Я сморгнула с глаз накатившую боль и решилась высказаться:
– Ты намеревался меня влюбить в себя, так празднуй триумф. Вот я, перед тобой, открыто признаюсь, что ты мне нравишься, бездарный или, вернее, самый одаренный сын империи. Нравишься настолько сильно, что я назвала бы это любовью, если бы не боялась, что потом задохнусь, если произнесу это вслух. У тебя получилось – я уже наболтала больше, чем имела право. Потому целуй меня так, словно это последняя возможность, а не спрашивай. Ведь слова уже ничего не решат, верно? Зачем тебе слышать, что я пришла с добром, но злом конкретно для тебя, а теперь надеюсь, что эту грязную работу сделает кто-нибудь другой?
Поскольку он так и застыл, все еще в чем-то сомневаясь, я сама снова потянулась к его губам. Но Лоран бездумно отстранился, попытался что-то сказать, а мне пришлось перебить шутливой угрозой:
– Оланирцы пленных не берут, но силу применить я сумею. Сам же меня в этом подозреваешь, так что сдайся без болезненной проверки.
Но его все еще тревожили сопутствующие обстоятельства – будто бы они были важны. Будто бы они были важнее того, что между нами уже случилось и отмене не подлежит – и болеть это будет очень долго. Быть может, до конца жизни не забудем. Особенно если жизнь окажется столь короткой, что уже мельтешит на горизонте феерическим финалом. Лоран же все еще спрашивал о несущественных мелочах:
– Лита, ты вряд ли родилась в стае Синиц… Может, расскажешь о себе хоть что-то? Ну, раз мы все равно друг в друга вляпались без оглядки? Пойми же, что я уже сорвался в пропасть, все равно уже не остановлюсь, но подари мне хоть какое-то облегчение – скажи, что ты не враг мне или империи…
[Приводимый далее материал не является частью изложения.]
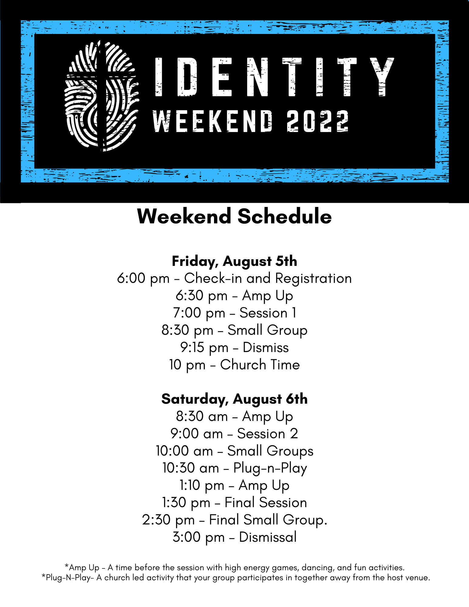 *Plug-N-Play- A church led activity that your group participates in together away from the host venue.

Я обхватила его за шею, прерывая почти бессвязный словесный поток, притянула к себе, скользнула языком по губам, приоткрывая. Лоран задрожал – не выдержал и ответил, перехватывая инициативу. Я не сразу поняла, что с его дрожью задрожали и стены – слабая, едва заметная вибрация всего пространства вокруг. Даже не открыла глаза, чтобы изумиться такому чуду. А если бы открыла, то стало бы не так горячо от страсти, а тихо и пусто – от осознания, что больше нет вариантов. Когда дрожит этот худощавый, красивый, но довольно обычный с виду парень, когда он окончательно запутывается в эмоциях, то даже мир вокруг начинает резонировать. Он, способный взмахом руки тьму обратить в свет, предпочитает вечерами мыть посуду, а с каждым новым утром придумывать забавные проказы с друзьями. Каждый его день важен, потому что их осталось мало. Он не влюблялся раньше, чтобы не оставлять любимую потом с растерзанным сердцем, когда его не станет. А потом в его жизни приключилась Лита Ворон, имени которой он даже не знает. И Лоран определенно имеет право побыть счастливым с ней хоть сколь-нибудь времени, особенно когда сама она мечтает о том же – быть счастливой рядом с ним.
Я не стала останавливать, когда его пальцы принялись быстро расстегивать пуговички на моей рубашке. Лишь приоткрыла глаза и заглянула в его – сейчас от желания черные.